- **Exercise data**
──────────────────────────────

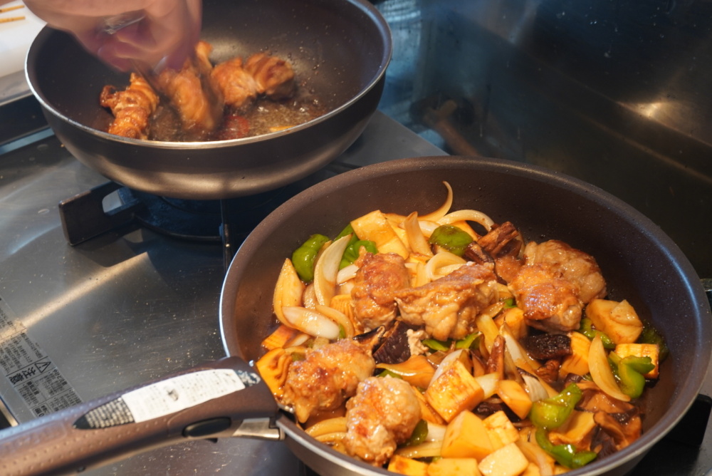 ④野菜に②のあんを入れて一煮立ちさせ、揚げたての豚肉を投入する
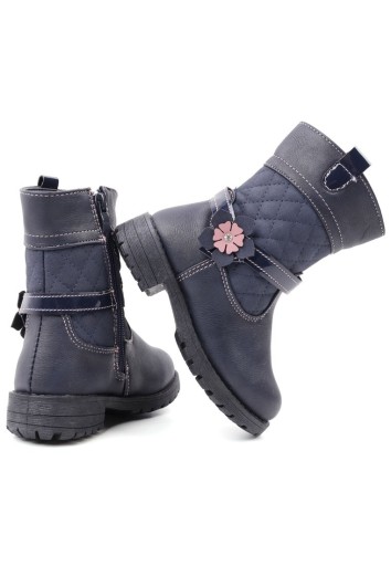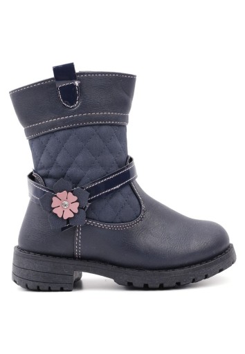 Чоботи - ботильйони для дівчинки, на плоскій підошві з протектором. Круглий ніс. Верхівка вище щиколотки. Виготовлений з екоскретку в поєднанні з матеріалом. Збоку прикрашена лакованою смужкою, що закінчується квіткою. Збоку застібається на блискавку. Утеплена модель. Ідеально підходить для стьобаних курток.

──────────────────────────────

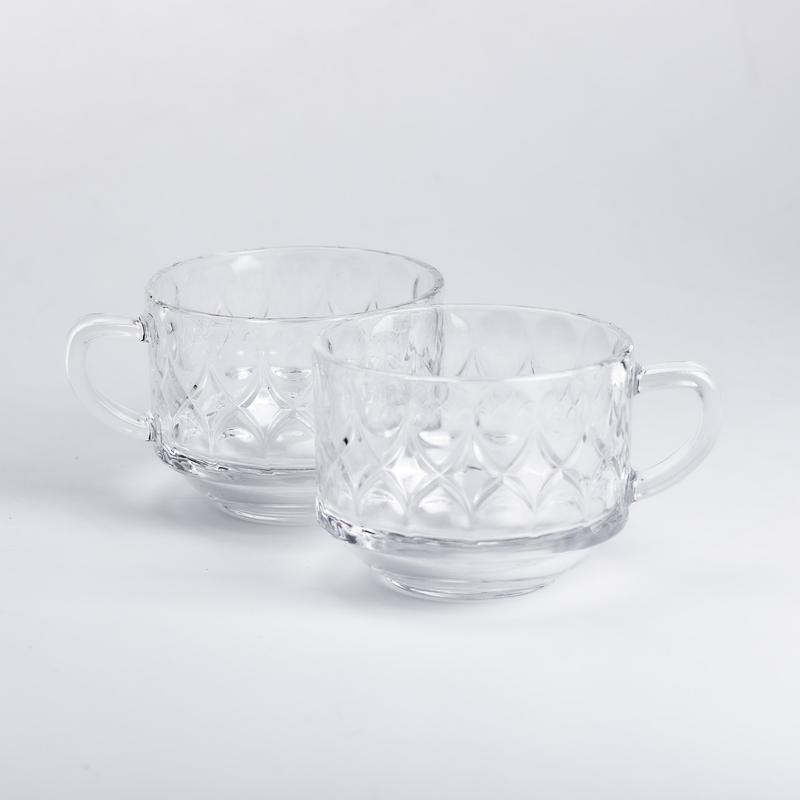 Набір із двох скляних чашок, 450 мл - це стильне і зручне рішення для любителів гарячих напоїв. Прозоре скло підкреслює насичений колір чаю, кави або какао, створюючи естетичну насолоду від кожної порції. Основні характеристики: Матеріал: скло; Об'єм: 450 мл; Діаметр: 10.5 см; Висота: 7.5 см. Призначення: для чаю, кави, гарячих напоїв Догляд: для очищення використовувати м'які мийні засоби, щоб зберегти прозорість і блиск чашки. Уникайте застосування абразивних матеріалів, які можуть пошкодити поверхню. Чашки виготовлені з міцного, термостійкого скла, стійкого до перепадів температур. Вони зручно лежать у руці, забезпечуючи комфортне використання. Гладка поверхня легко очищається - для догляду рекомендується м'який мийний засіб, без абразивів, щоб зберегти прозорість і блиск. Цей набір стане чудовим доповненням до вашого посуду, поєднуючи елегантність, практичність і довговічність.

──────────────────────────────

What you write out is the stretch of entries from the line containing "④野菜に②のあんを入れて一煮立ちさせ、揚げたての豚肉を投入する" to the line containing "Чоботи - ботильйони", word for word, with both end lines and no pictures.

 ④野菜に②のあんを入れて一煮立ちさせ、揚げたての豚肉を投入する
 Чоботи - ботильйони для дівчинки, на плоскій підошві з протектором. Круглий ніс. Верхівка вище щиколотки. Виготовлений з екоскретку в поєднанні з матеріалом. Збоку прикрашена лакованою смужкою, що закінчується квіткою. Збоку застібається на блискавку. Утеплена модель. Ідеально підходить для стьобаних курток.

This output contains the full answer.